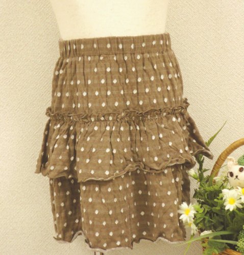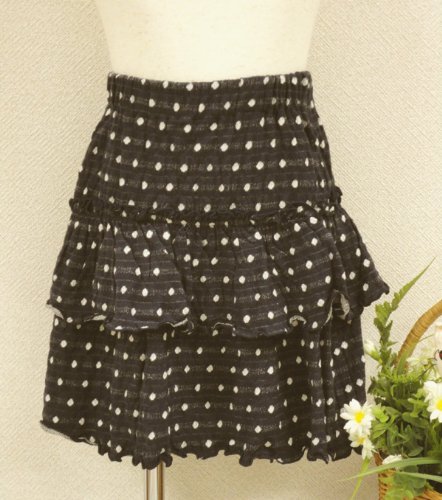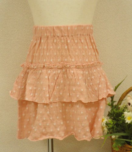 カットソーのひらひら水玉スカートです。シンプルなTシャツやタンクトップと合わせるだけで、夏のガーリースタイルが完成
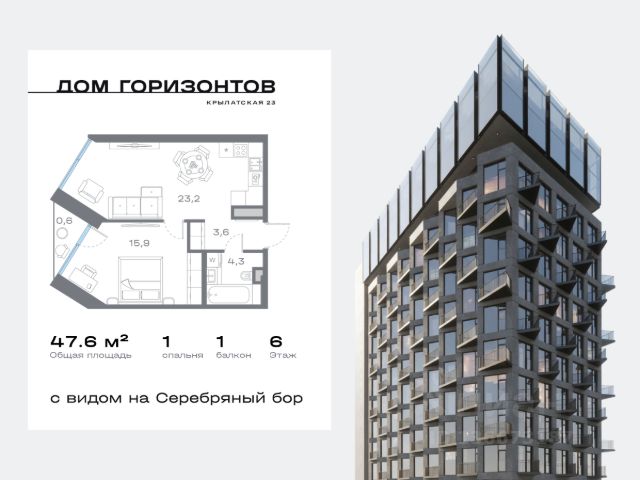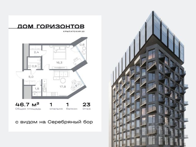 Клубный дом в Крылатском районе уникальный проект для данной локации • Скидки месяца на избранный пул лотов • Рассрочка на выгодных условиях ЛОКАЦИЯ: • Самый экологичный район столицы — более 70% территории Крылатского занимают природные зоны и акватория. • Крылатские Холмы в пешей доступности • 10 минут на автомобиле от Москва-Сити • Удобные выезды на основные магистрали: ТТК, Садовое кольцо ИНФРАСТРУКТУРА РАЙОНА: • Богатая спортивная инфраструктура: велотрек, гребной канал, ледовый дворец, горнолыжная база, теннисные корты и т.д. • Престижные школы и детские сады ДОМ ГОРИЗОНТОВ • 135 квартир и 7 пентхаусов • - 2 этажа паркинга с зарядками для электрокаров • Приватная закрытая территория с богатой инфраструктурой для резидентов Квартира видовая с балконом и панорамным остеклением: - Уютная функциональная планировка - Кол-во комнат: 1 - Общая площадь - 46.32 кв.м. - Кухня 6.49 кв.м - 4 этаж 27 этажного дома Вечные виды на зеленые просторы Серебряного Бора и сверкающую ленту Москвы-реки с аркой Живописного моста. ИНФРАСТРУКТУРА УДОБНОЙ ЖИЗНИ: • Круглосуточное видеонаблюдение и контроль доступа • Консьерж-сервис 24/7 • Зарядные станции для электромобилей на подземном паркинге • Индивидуальные келлеры для хранения спортивного инвентаря • Детский физкультурный комплекс с двумя бассейнами Дом Горизонтов — клубное пространство в одном из самых зелёных районов Москвы, где каждая деталь дарит вдохновение и ощущение свободы. Оперативный показ квартиры! Бронирование по телефону Продам 1-комнатную квартиру с отделкой от застройщика в районе Крылатское в Москве.
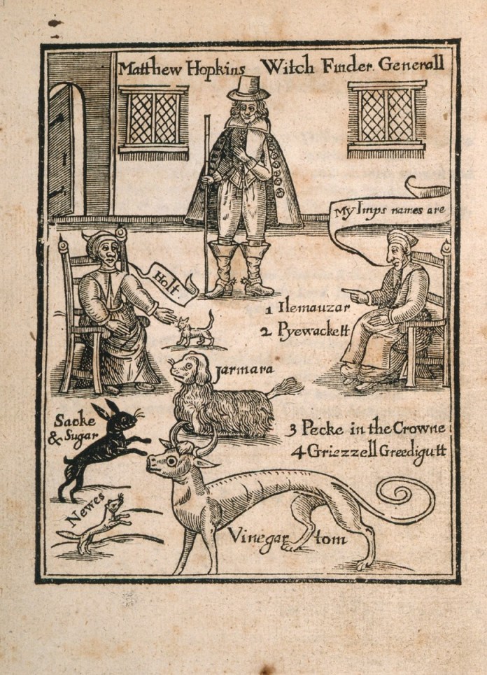The Discovery of Witches (Matthew Hopkins, 1647). Dos brujas muestran sus animales familiares ante Matthew Hopkins en este grabado perteneciente al libro de este dedicado a la caza de brujas.
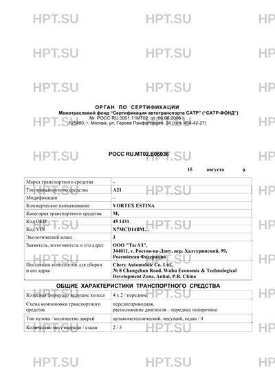 | Тип ТС | A21 VORTEX ESTINA |

········

§ **EXERCISE BRIEF**
Could you repeat the listing above exactly, omitting its pictures?

§ **RESPONSE AREA**
 カットソーのひらひら水玉スカートです。シンプルなTシャツやタンクトップと合わせるだけで、夏のガーリースタイルが完成
 Клубный дом в Крылатском районе уникальный проект для данной локации • Скидки месяца на избранный пул лотов • Рассрочка на выгодных условиях ЛОКАЦИЯ: • Самый экологичный район столицы — более 70% территории Крылатского занимают природные зоны и акватория. • Крылатские Холмы в пешей доступности • 10 минут на автомобиле от Москва-Сити • Удобные выезды на основные магистрали: ТТК, Садовое кольцо ИНФРАСТРУКТУРА РАЙОНА: • Богатая спортивная инфраструктура: велотрек, гребной канал, ледовый дворец, горнолыжная база, теннисные корты и т.д. • Престижные школы и детские сады ДОМ ГОРИЗОНТОВ • 135 квартир и 7 пентхаусов • - 2 этажа паркинга с зарядками для электрокаров • Приватная закрытая территория с богатой инфраструктурой для резидентов Квартира видовая с балконом и панорамным остеклением: - Уютная функциональная планировка - Кол-во комнат: 1 - Общая площадь - 46.32 кв.м. - Кухня 6.49 кв.м - 4 этаж 27 этажного дома Вечные виды на зеленые просторы Серебряного Бора и сверкающую ленту Москвы-реки с аркой Живописного моста. ИНФРАСТРУКТУРА УДОБНОЙ ЖИЗНИ: • Круглосуточное видеонаблюдение и контроль доступа • Консьерж-сервис 24/7 • Зарядные станции для электромобилей на подземном паркинге • Индивидуальные келлеры для хранения спортивного инвентаря • Детский физкультурный комплекс с двумя бассейнами Дом Горизонтов — клубное пространство в одном из самых зелёных районов Москвы, где каждая деталь дарит вдохновение и ощущение свободы. Оперативный показ квартиры! Бронирование по телефону Продам 1-комнатную квартиру с отделкой от застройщика в районе Крылатское в Москве.
The Discovery of Witches (Matthew Hopkins, 1647). Dos brujas muestran sus animales familiares ante Matthew Hopkins en este grabado perteneciente al libro de este dedicado a la caza de brujas.
 | Тип ТС | A21 VORTEX ESTINA |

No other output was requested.